In summary, we say that A1,A2, ... ,An ; B is a valid argument form when B is true whenever A1, A2, ... , An are all true.
Proposition:A1,A2, ... ,An ; B is a valid argument form if and only if (A1&A2& ... &An) -> B is a tautology.
Next time: Onto a formal statement logic, where proofs are not connected directly to truth.
We started an examination of L, a formal treatment of statement logic, following Hamilton.

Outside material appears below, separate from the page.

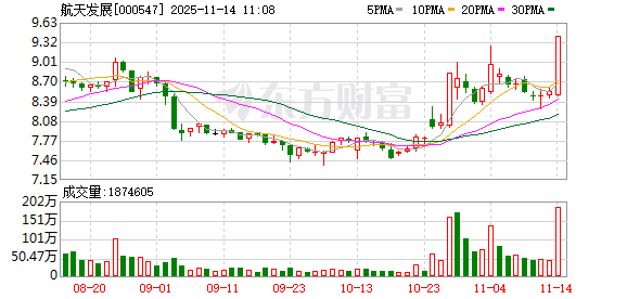 (文章来源:证券时报网) 数据宝统计,截至10:18,航天发展成交额15.36亿元,创2024年8月9日以来新高。最新股价上涨 10.06%,换手率10.40%。上一交易日该股全天成交额为3.82亿元。 据天眼查APP显示,航天工业发展股份有限公司成立于1993年11月20日,注册资本159846.8269万人民 币。(数据宝) ...
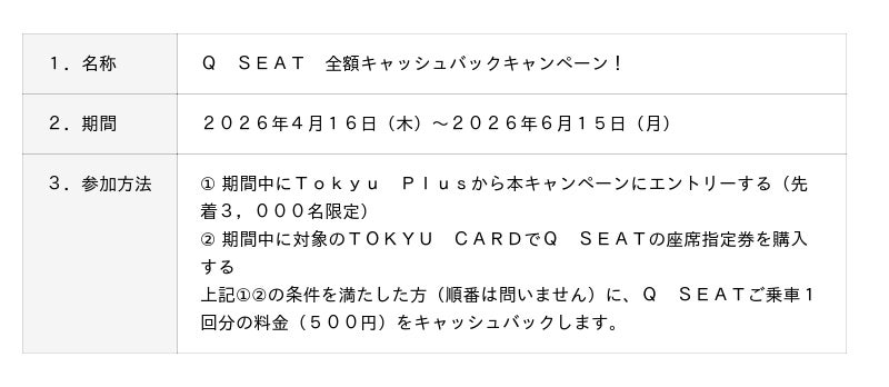 本キャンペーンは、実施期間中にエントリー(先着3,000名限定)のうえ、対象のTOKYU CARDでQ SEATの座席指定券を購入いただいたお客さまに、Q SEATご乗車1回分の料金(500円)をキャッシュバックするものです。

For symbols we allowed ~, ->, ( , ) , p , and '. Hamilton allows subscripts using counting numbers for the variables, p_{1}, p_{2}, p_{3}, etc. but this was noted requires a presumed notation prior to the notation of the system. We will use Hamilton's convention understanding that we can instead use the finite list of symbols by defining statement variables by the following: p is a statement variable and if A is a staement variable, then A' is also a statement variable. This is the only way that a form can be a statement variable. After this we defined a well-formed formula (wf) and continued following Hamilton in defining 3 forms for axioms of L and the single rule for L as Modus Ponens or the Rule of Detachment:
A A->B |
B |
A proof in L is a finite sequence of wf's where each statement in the sequence is either an axiom of L or derived from previous wf's by an application of the rule. A theorem is the last statement of a proof. When A is a theorem of L we write |-_{L} A.
One important goal of this formalization [which we will pursue next week] is to connect the theorems of L to the collection of tautologies that are wf's of L. We will show that every theorem of L is a tautology (soundness) and every tautology in L is a theorem ( adequacy or completeness).
We also considered the situation where a wf or set of wf's are used in a proof like axioms, later to be included in a summary of the argument as hypotheses in a conditional statement. This situation is described as a deduction from the set of wf's. See Hamilton for the formal definitions of this. If G is a set of wf's, we write G |-_{L} B to indicate that the statement B can be deduced from G. The main result that we will prove next class is called the deduction theorem. It states that if Gu{A}|-_{L} B then G |-_{L} (A->B).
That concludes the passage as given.